You need some solid legal advice. Do not initiate court, with a lawyer and or barrister it becomes hellishly expensive. About £5000 per visit and it will take a minimum of three visits.. One to seek an order and then have it served, second for fact finding and hopefully the third for Final Orders. Any dispute and it can go on and on. So let him act. Oh! and the court will also expect an attempt at mediation before all if this. If anything ask him to attend a mediation session with a lawyer who specialises in mediation.
The rule of thumb is that the court will attempt to maintain the status quo, so if you've established a pattern of contact that you feel is detrimental to yourself it will be difficult to show otherwise
Work out what is good for you, mine has a few hours at the weekend, that's it. Set times, set day.. Set up a burner phone for text SMS only, an email account just for communication purposes. Do not use, whatsapp, duo facetime Allo, telegraph, wire, Facebook messenger or Instagram. just plain old sms.

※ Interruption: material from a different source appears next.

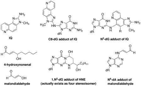 A second major project in our lab involves DNA adducts derived from endogneous sources such as lipid peroxidation. Examples of such reactive electrophiles include alpha,beta-unsaturated aldehydes (acrolein, crotonaldehyde, and 4-hydroxynonenal), 2,3-epoxyaldehydes and dicarbonyl species (malondialdehyde and 4-oxo-2-nonenal). Although these compounds are chemically simple, they react with DNA in a complex and diverse manner. We recently demonstrated that alpha,beta-unsaturated aldehydes can form inter- and intra-strand DNA crosslinks, which are a very severe but largely unstudied form of DNA damage. The crosslinking chemistry is highly dependent on the stereochemistry of the DNA adduct. In collaboration with other laboratories, we are studying the mechanism of the DNA crosslinking reaction and the biological processing of the DNA crosslinks.
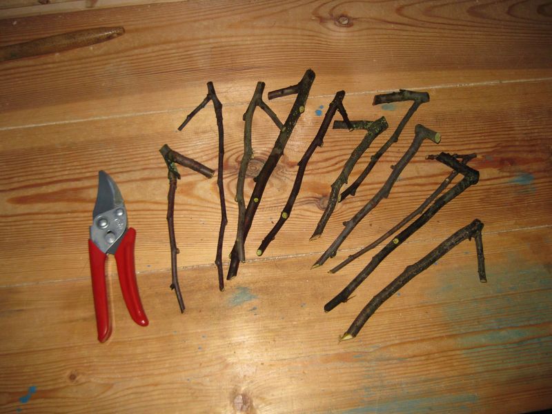 Такие крючки можно сделать из деревянных дощечек или из проволоки, но самый простой вариант, который я использую уже давно, это нарезать эти крючки секатором из различных веток, оставшихся после осенней обрезки сада.

If there is any abuse the police can act quicker as it breaks telephony laws that are well established.
Use a library for dropoff and collection near the desk, if there is any threats then there are sever penalty's for abusive behaviour in a council owned library.
when you are ready and you've had a break from the difficult behaviour, start contact again and STICK to the schedule you ( you not him) have decided on, like;
10 till 4 on a Saturday, with a text 5 mins beforehand confirming, cancellation of contact occurs if 30 mins late with no replacement date, once missed it's missed. There is little you can do about late return, but the court will see that as irresponsible behaviour and an inability to comply with a simple requests AKA being difficult.
The aim of a family court hearing is to establish reasonable and sensible contact routine for the children with the minimum of disruption (and fucking about) where both parents can behave in an agreeable and amicable way.
The hardest thing to get is that little of this can really be enforced, unless a pattern of intimidation and abuse can be shown by the police. Otherwise your stuck with letters at £1000 a pop from your lawyer that get ignored, then your back in court again where the judge says do as your told and they don't.
Quick summary, don't initiate court let him do it. Establish what is a good routine for the DC's and you you are the primary carer after all. Engage a mediator.